Pick1 Protein is an important component in the neurobiology of neurodegenerative diseases. This page provides detailed information about its structure, function, and role in disease processes.
PICK1 (Protein Interacting with C Kinase 1) is a versatile scaffolding protein that contains a PDZ domain and a BAR (Bin/amphiphysin/Rvs) domain, enabling it to interact with multiple protein partners and organize signaling complexes at synaptic membranes. Originally identified as an interacting protein for protein kinase C (PKC), PICK1 plays critical roles in synaptic plasticity, receptor trafficking, and neuronal signaling. PICK1 is highly enriched in the brain, particularly at excitatory synapses where it interacts with AMPA receptor subunits (GluA2/3), dopamine transporters, and various other membrane proteins. Through its BAR domain, PICK1 can sense and induce membrane curvature, facilitating the formation of synaptic vesicles and receptor endocytosis. Dysregulation of PICK1 function has been implicated in synaptic dysfunction in Alzheimer's disease, Parkinson's disease, and psychiatric disorders including schizophrenia and addiction.
| PICK1 Protein | |
|---|---|
| Protein Name | PICK1 Protein |
| Gene | PICK1 |
| UniProt ID | Q9YEP4 |
| PDB IDs | 18K5, 2GZO |
| Molecular Weight | 46.2 kDa |
| Subcellular Location | Cytoplasm, postsynaptic density |
| Protein Family | PDZ domain proteins |
PICK1 Protein is a PDZ domain proteins. The protein contains a BAR domain for membrane binding and a PDZ domain for protein-protein interactions.
PICK1 (Protein Interacting with C Kinase 1) is a PDZ domain-containing scaffold protein that interacts with protein kinase C (PKC) and various membrane proteins including AMPA receptors, NMDA receptors, and dopamine transporters. PICK1 contains an N-terminal BAR domain that binds curved membranes and a C-terminal PDZ domain that interacts with target proteins. It is involved in synaptic plasticity, receptor trafficking, and the formation of excitatory synapses.

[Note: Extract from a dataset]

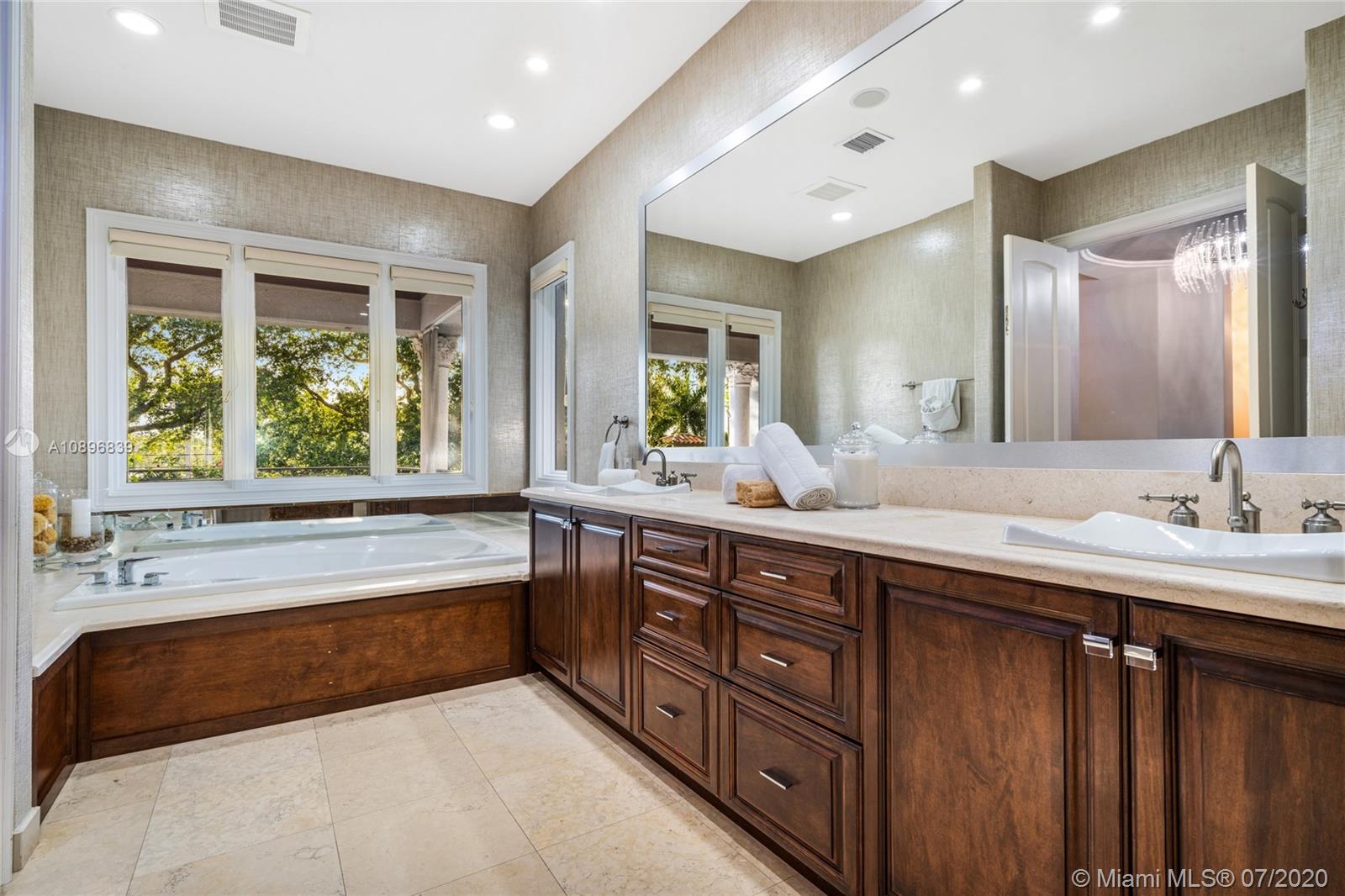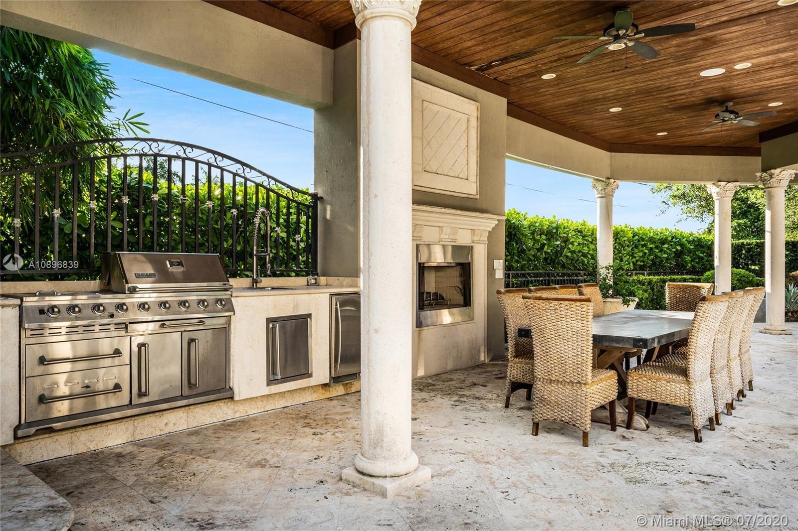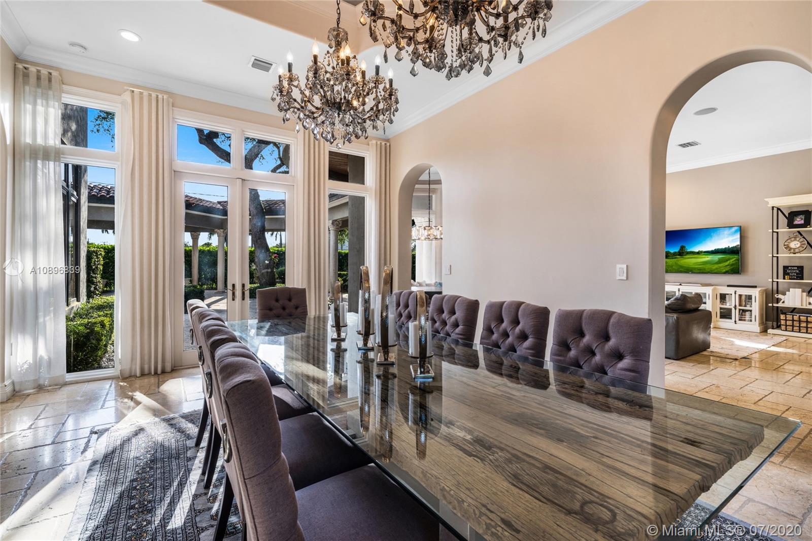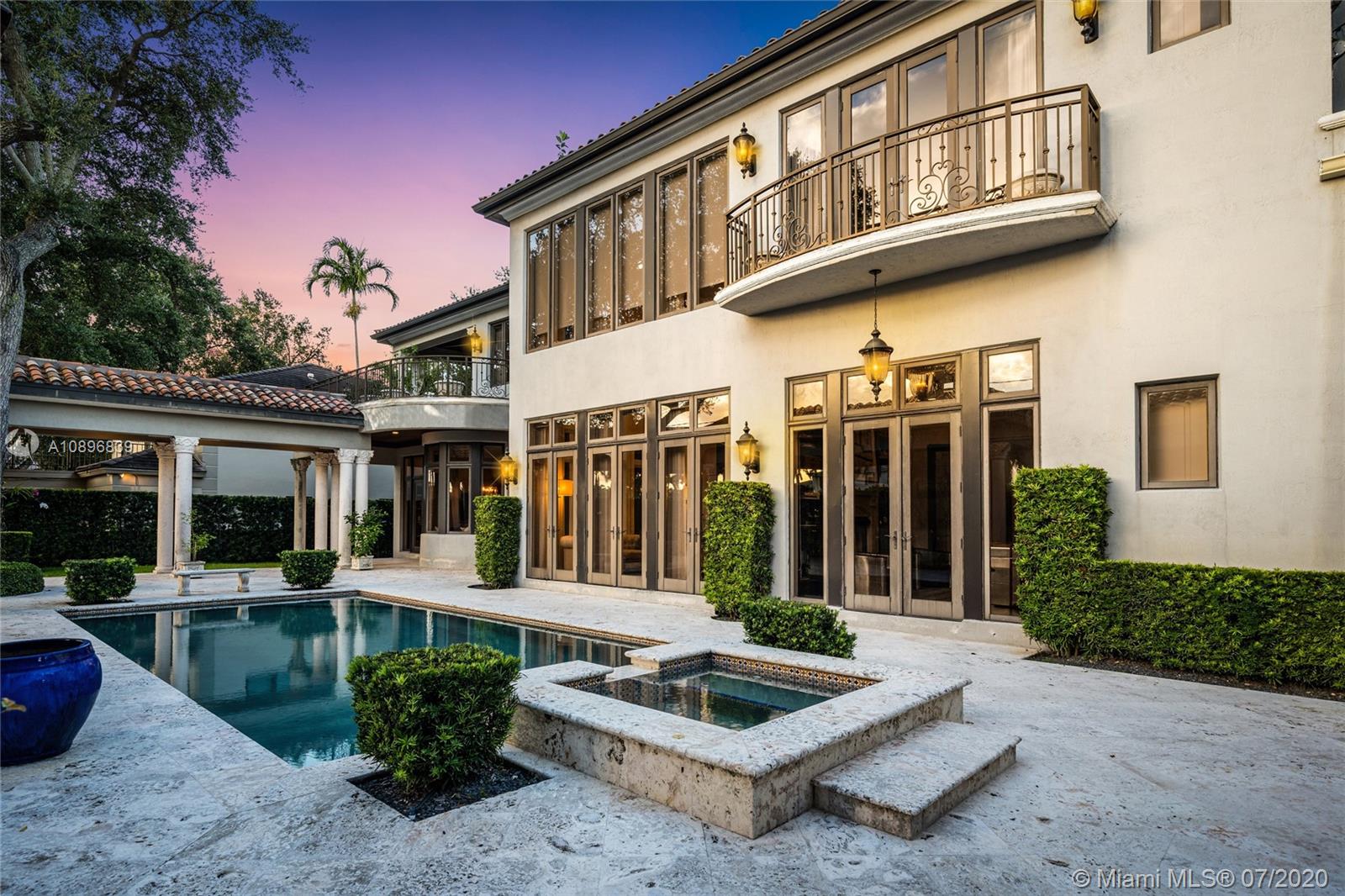Built in 2008 and designed by Architect Thomas Benedict, this charming Estate Home is located in the heart of the Gables set directly in front of the 5th hole of the Riviera Golf Course. With more than 5,800SF of living space this home has 6 bedrooms, 6.5 bathrooms, formal dining with adjacent wine cellar, fireplace, elevator, eat-in gourmet kitchen with family room, high ceilings, upstairs sitting area, surround sound system and more. Enjoy a private outdoor oasis with a covered patio surrounding the heated pool and spa, Summer kitchen with outdoor fireplace and a separate 1 bedroom, 1 bathroom pool house all overlooking the Riviera Golf Course.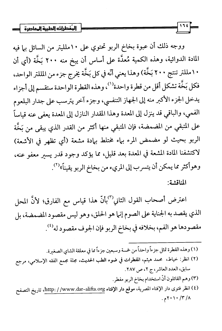 (¬2) انظر: خياط، محمد هيثم، المفطرات في ضوء الطب الحديث، مجلة مجمع الفقه الإسلامي، مرجع سابق، العدد العاشر، ج 2، ص 287.

PICK1 is implicated in AD (altered AMPA receptor trafficking, synaptic dysfunction), PD (dopamine transporter regulation), and schizophrenia. PICK1 polymorphisms may be associated with neuropsychiatric disorders.
No specific PICK1-targeted drugs are available. Modulation of PICK1 interactions could potentially be used to treat synaptic disorders.
The study of Pick1 Protein has evolved significantly over the past decades. Research in this area has revealed important insights into the underlying mechanisms of neurodegeneration and continues to drive therapeutic development.
Historical context and key discoveries in this field have shaped our current understanding and will continue to guide future research directions.